Records shown

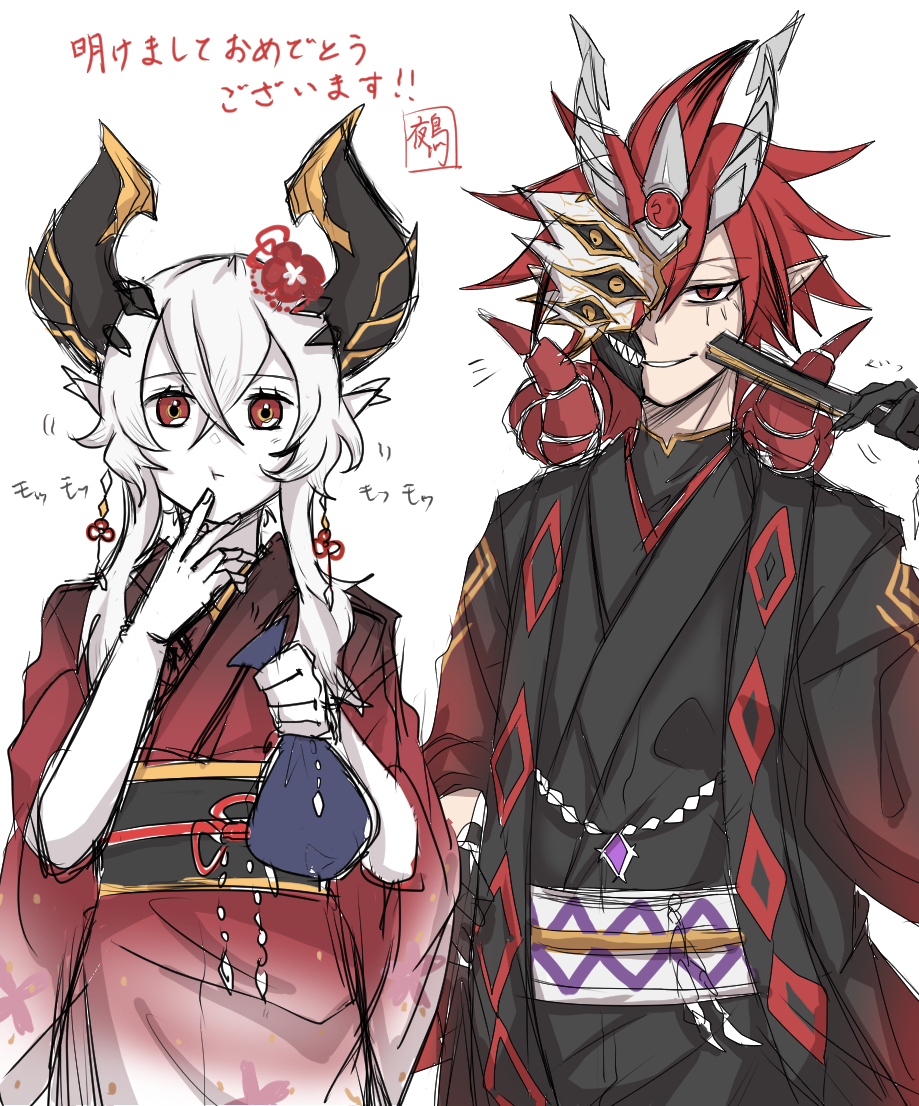 1boy 1girl alternate_costume aluber_(yu-gi-oh!) aluber_the_jester_of_despia black_gloves black_sclera blazing_cartesia_the_virtuous colored_sclera demon_boy demon_girl ecclesia_(yu-gi-oh!) evil_grin evil_smile extra_eyes flower food_in_mouth gloves grin hair_flower hair_ornament half_mask hand_fan japanese_clothes jewelry kimono kinchaku long_hair mark_under_eye mask obi obijime pale_skin paper_fan pointy_ears pouch red_eyes red_hair sash smile translation_request upper_body white_hair wide_sleeves yellow_pupils yoruno_tori3 yu-gi-oh! yu-gi-oh!_master_duel
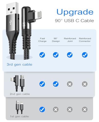 sweguard - كيبل لايتنينج بزاوية قائمة بطول 3 متر، كيبل شاحن ايفون معتمد من ابل بزاوية 90 درجة، سلك مضفر للشحن السريع، شحن بي دي 18 وات لايفون متوافق مع ايفون 14 برو ماكس/14/13/12/11/اكس ار/8 بلس/ايباد
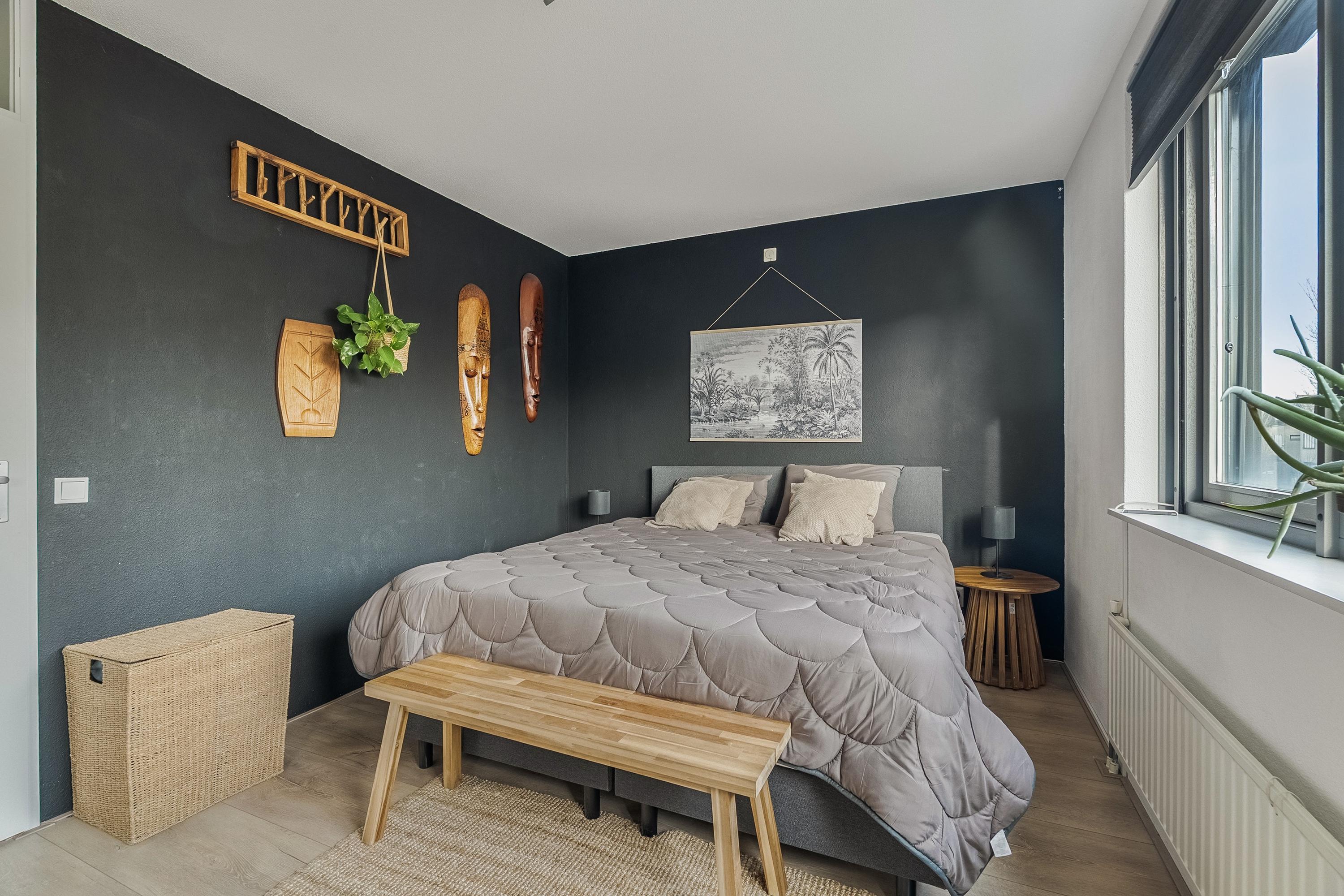 Slaapkamer 4 (voorzijde): uitgerust met airconditioning, een vaste schuifkastenwand en kunststof kozijnen met horren.
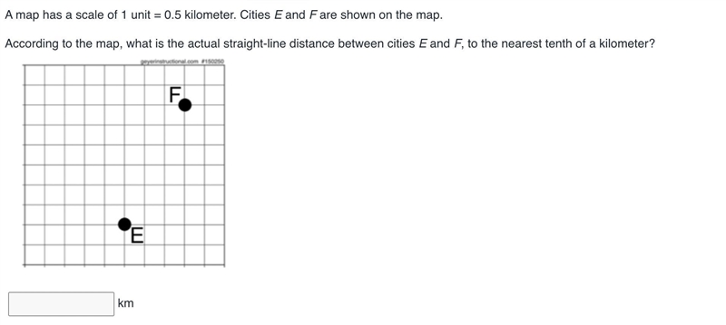 Horizontal distance (x) from E to F is 3 units = 1.5 km
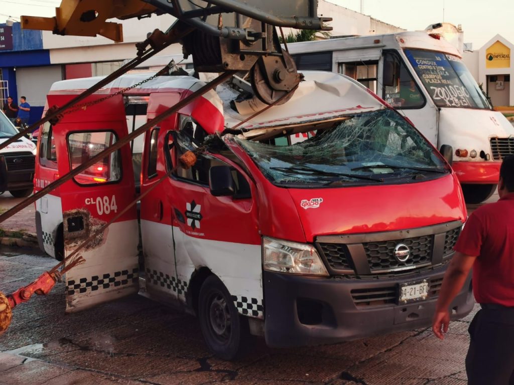 Un total de 9 personas lesionadas, fue el saldo de un aparatoso accidente entre una combi colectiva, y una grúa que salia de un patio de maniobras en la Colonia Pallás; todos los lesionados fueron trasladados en ambulancias de la Cruz Roja Mexicana a la clínica particular Santo Domingo para su valoración. Fue alrededor de las 17:00 horas, cuando sobre la avenida 47 esquina con calle 20, se desplazaba el conductor de una combi colectiva Nissan Urvan de la Ruta Santa Isabel, color rojo y blanco, con número económico CL084 y matrícula de circulación 84-21-BFC del estado de Campeche.
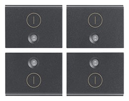 Quattro mezzi tasti intercambiabili 1 modulo,simbolo I O, grigio.
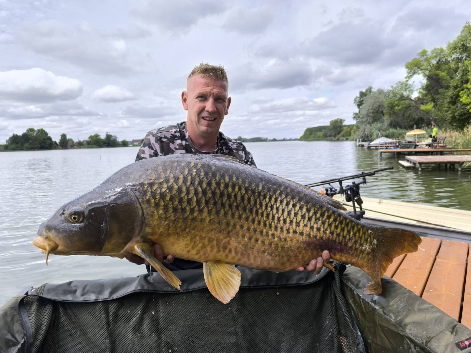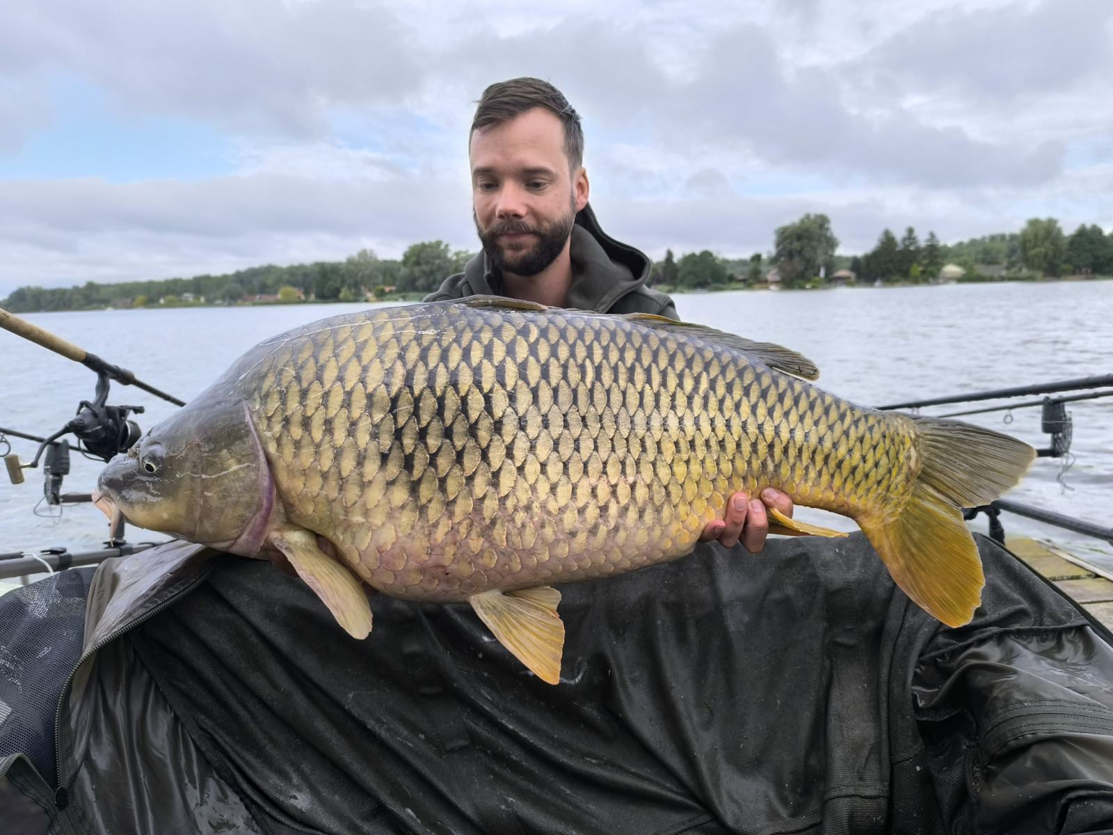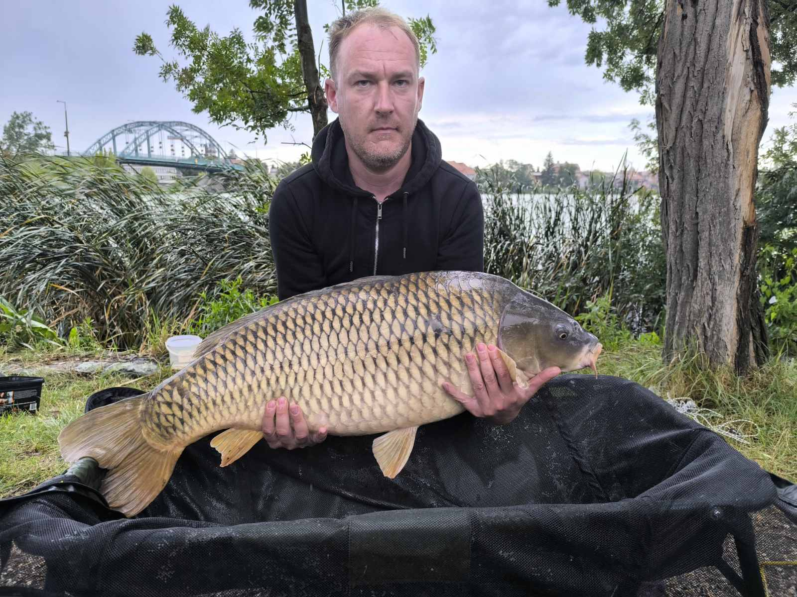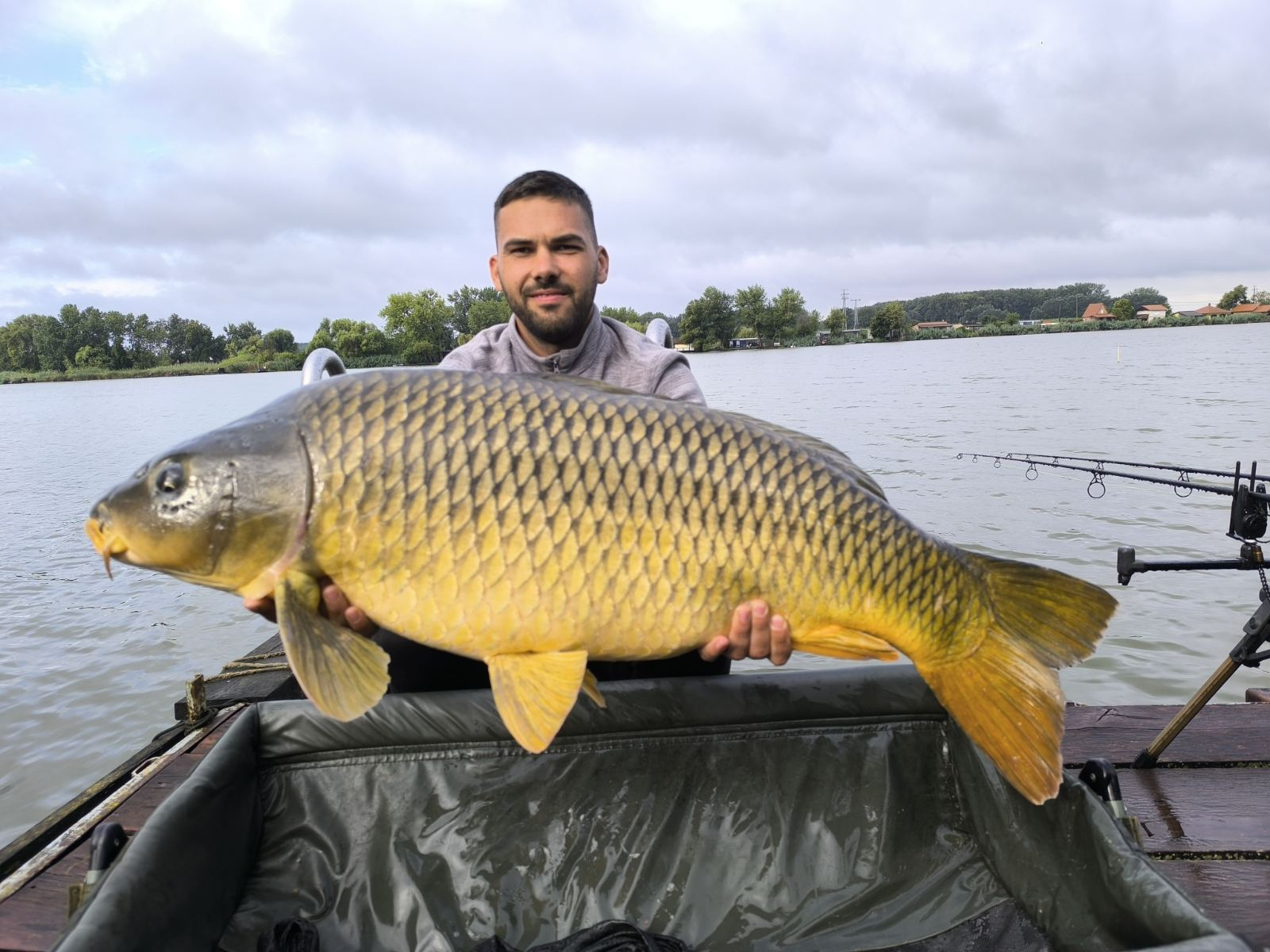 Feeder bot, 0,35-ös monofil zsinór, 4-es horog. Esős, szeles idő, 20 perces fárasztás partról.

Task goal
Reproduce the records word for word, please, from their first line up to and including the line that contains "Quattro mezzi tasti", but no pictures.

Solved exercise
 1boy 1girl alternate_costume aluber_(yu-gi-oh!) aluber_the_jester_of_despia black_gloves black_sclera blazing_cartesia_the_virtuous colored_sclera demon_boy demon_girl ecclesia_(yu-gi-oh!) evil_grin evil_smile extra_eyes flower food_in_mouth gloves grin hair_flower hair_ornament half_mask hand_fan japanese_clothes jewelry kimono kinchaku long_hair mark_under_eye mask obi obijime pale_skin paper_fan pointy_ears pouch red_eyes red_hair sash smile translation_request upper_body white_hair wide_sleeves yellow_pupils yoruno_tori3 yu-gi-oh! yu-gi-oh!_master_duel
 sweguard - كيبل لايتنينج بزاوية قائمة بطول 3 متر، كيبل شاحن ايفون معتمد من ابل بزاوية 90 درجة، سلك مضفر للشحن السريع، شحن بي دي 18 وات لايفون متوافق مع ايفون 14 برو ماكس/14/13/12/11/اكس ار/8 بلس/ايباد
 Slaapkamer 4 (voorzijde): uitgerust met airconditioning, een vaste schuifkastenwand en kunststof kozijnen met horren.
 Horizontal distance (x) from E to F is 3 units = 1.5 km
 Un total de 9 personas lesionadas, fue el saldo de un aparatoso accidente entre una combi colectiva, y una grúa que salia de un patio de maniobras en la Colonia Pallás; todos los lesionados fueron trasladados en ambulancias de la Cruz Roja Mexicana a la clínica particular Santo Domingo para su valoración. Fue alrededor de las 17:00 horas, cuando sobre la avenida 47 esquina con calle 20, se desplazaba el conductor de una combi colectiva Nissan Urvan de la Ruta Santa Isabel, color rojo y blanco, con número económico CL084 y matrícula de circulación 84-21-BFC del estado de Campeche.
 Quattro mezzi tasti intercambiabili 1 modulo,simbolo I O, grigio.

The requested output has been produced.